During the White House briefing on Friday, press secretary Karine Jean-Pierre said the Florida Department of Education's decision to prohibit teaching AP African American Studies in high school was "incomprehensible."
- What was the White House's reaction to Governor Ron DeSantis' Education Department blocking the teaching of AP African-American studies, saying it violates Florida's new state law and, quote, "significantly lacks educational value?" Does the White House have concerns about this action by the DeSantis administration?
KARINE JEAN-PIERRE: So, firstly, I want to be very clear-- the administration does not dictate any curriculum for local schools. That is not something that we do here. But there is something that we do want to comment.

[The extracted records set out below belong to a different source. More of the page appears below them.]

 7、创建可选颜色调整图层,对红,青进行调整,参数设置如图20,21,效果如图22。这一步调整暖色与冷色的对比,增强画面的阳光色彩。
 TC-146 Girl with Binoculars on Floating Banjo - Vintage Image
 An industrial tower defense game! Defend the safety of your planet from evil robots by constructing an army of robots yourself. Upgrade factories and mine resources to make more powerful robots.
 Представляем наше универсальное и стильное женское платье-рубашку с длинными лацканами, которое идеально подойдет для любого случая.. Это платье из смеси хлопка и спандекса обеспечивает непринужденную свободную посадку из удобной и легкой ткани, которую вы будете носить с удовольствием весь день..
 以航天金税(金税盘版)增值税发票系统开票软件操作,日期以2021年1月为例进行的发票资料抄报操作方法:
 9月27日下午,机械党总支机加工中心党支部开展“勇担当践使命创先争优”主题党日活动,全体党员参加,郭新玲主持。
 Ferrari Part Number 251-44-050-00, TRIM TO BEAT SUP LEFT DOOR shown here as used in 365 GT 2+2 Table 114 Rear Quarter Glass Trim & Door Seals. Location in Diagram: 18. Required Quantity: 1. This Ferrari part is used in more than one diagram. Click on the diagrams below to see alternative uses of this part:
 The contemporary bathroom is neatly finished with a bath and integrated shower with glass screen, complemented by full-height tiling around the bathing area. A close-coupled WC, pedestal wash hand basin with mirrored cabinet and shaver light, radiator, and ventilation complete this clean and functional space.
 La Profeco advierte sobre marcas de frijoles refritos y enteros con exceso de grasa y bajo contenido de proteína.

It is incomprehensible to see that this is what this ban-- or this block, to be more specific, that DeSantis has put forward. If you think about the study of Black Americans, that is what he wants to block. And again, these types of actions aren't new.
They are not new from what we're seeing, especially from Florida, sadly. Florida currently bans teachers from talking about who they are and who they love, as we've talked about many times here in this briefing room. They have banned more books in schools and libraries than almost every other state in the country.
And let's not forget, they didn't ban-- they didn't block-- be more clear, I want to make sure I'm using the right word here-- they didn't block AP European History, they didn't block our music history, they didn't block our art history. But the state chooses to block a course that is meant for high achieving high school students to learn about their history of arts and culture.
And it is incomprehensible, again. And I will just leave it there-- leave it there to make your own-- to make your own determination of why this occurred and why this happened. Again, it is not our place to direct or to be involved in any local school curriculum. But this is concerning.